On Thursday, February 23, 2017 at 5:44:33 PM UTC+3, wrote:
On Wednesday, February 22, 2017 at 9:20:46 PM UTC-6, Papa3 wrote:
Are LiFePo4 batteries not rated using a standard 1C discharge rate like SLA batteries? So, for a 10ah battery the rated capacity would be achieved at a discharge rate of 1a. 2.5a seems on the high side for a glider, even one with a fair number of electronic goodies. My ship draws not too much over 1a with FSG71, Trig, Clearnav, Flarm, and CNv. No?

P3


Eric, a 1C rating for charge and discharge would be 9 Amps for the batteries we are discussing.

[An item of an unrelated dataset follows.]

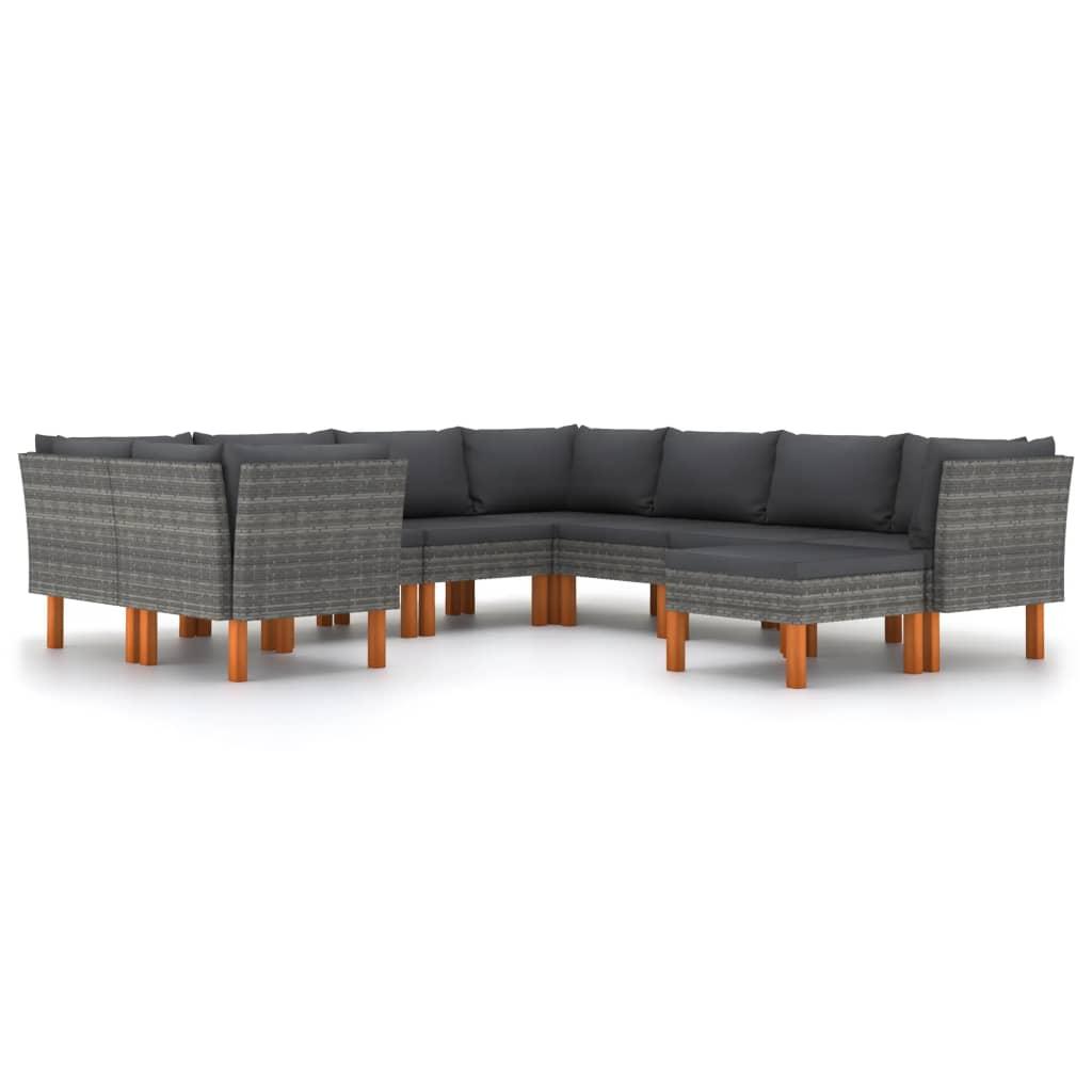 vidaXL 9-osaline aiamööblikomplekt patjadega, polürotang, hall 3059722

LiFePo4 will do that all day long but I doubt you would get 1,000+ cycles out of the battery. RC flight batteries are routinely sujected to 20-30C discharge rates (these are LiPo's) and they rarely make 100 cycles. They can also be aggressively charged at 3-4C. Wonder what that number would be for a Tesla battery on the quick charger. Compared to the older chemistries such as NiCd an NiMh, the new ones can sure take a beating.

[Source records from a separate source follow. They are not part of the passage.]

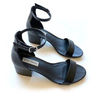 Steve Madden Womens Irenee Black Sandals Size 8.5 Block Heel 2.5" Ankle Strap
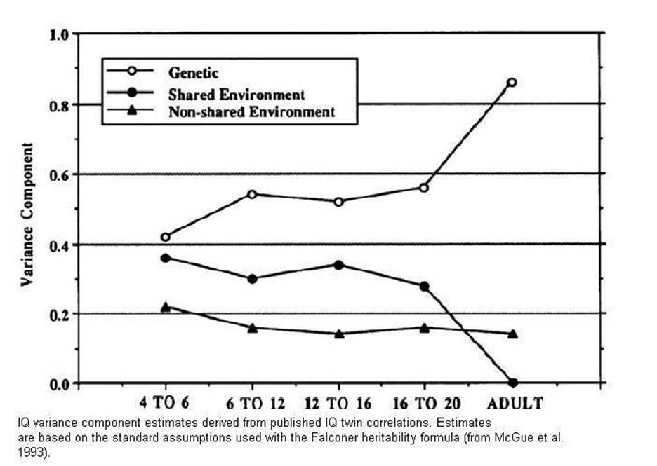 The fact that increasing welfare doesn’t end the cycle of poverty should have been obvious from the beginning because: Lifetime earnings are about 50% heritable, with shared environment being negligible. Thus, the only reason why children tend to have high incomes if their parents have high incomes is because of genetics, and excluding the influence of genetics, the type of home you are raised in (on average) has no impact on income. And if you don’t believe me, researchers have furthermore proved that the income of adopted children matches that of biological parents and has no resemblance to adopted parents. So just to emphasize: the idea that if a child’s family is poor he will also grow up to be poor because he is lacking in opportunities is completely false. If this was true, then the shared environment of children in twin studies would actually have an effect on children’s income, except it doesn’t. Here is just one more statistic on that:
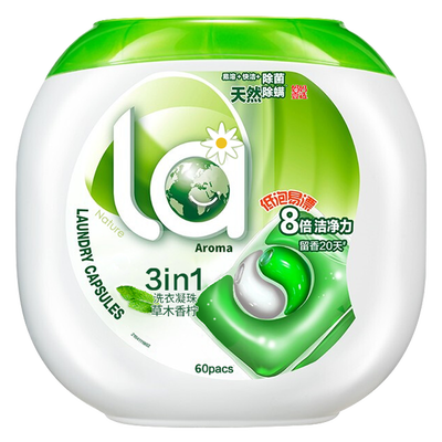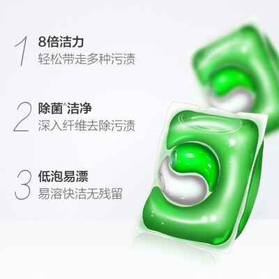 精选天然植皂,深层瓦解细菌污渍,呵护家人的娇嫩肌肤;凝珠设计,一粒就能带来多种清洁效果,无需再为洗衣液倒多少而忧心。

Tesla's own "Supercharger" stations supply up to 120 kW (depending on the size of the car battery and it's existing charge state), and take 20 minutes to charge to 50%, 40 minutes to charge to 80%, and 75 minutes to 100%.

So the initial twenty minutes of charging is at an average of 1.5C and next 20 minutes at an average of 0.9C. So, not very extreme on the batteries.

Normal driving uses around 320 - 340 Wh/mi (200 - 210 Wh/km), so at 120 km/h a 75 kWh battery is being discharged at 0.32C, or a top end 100 kWh Tesla at 0.24C.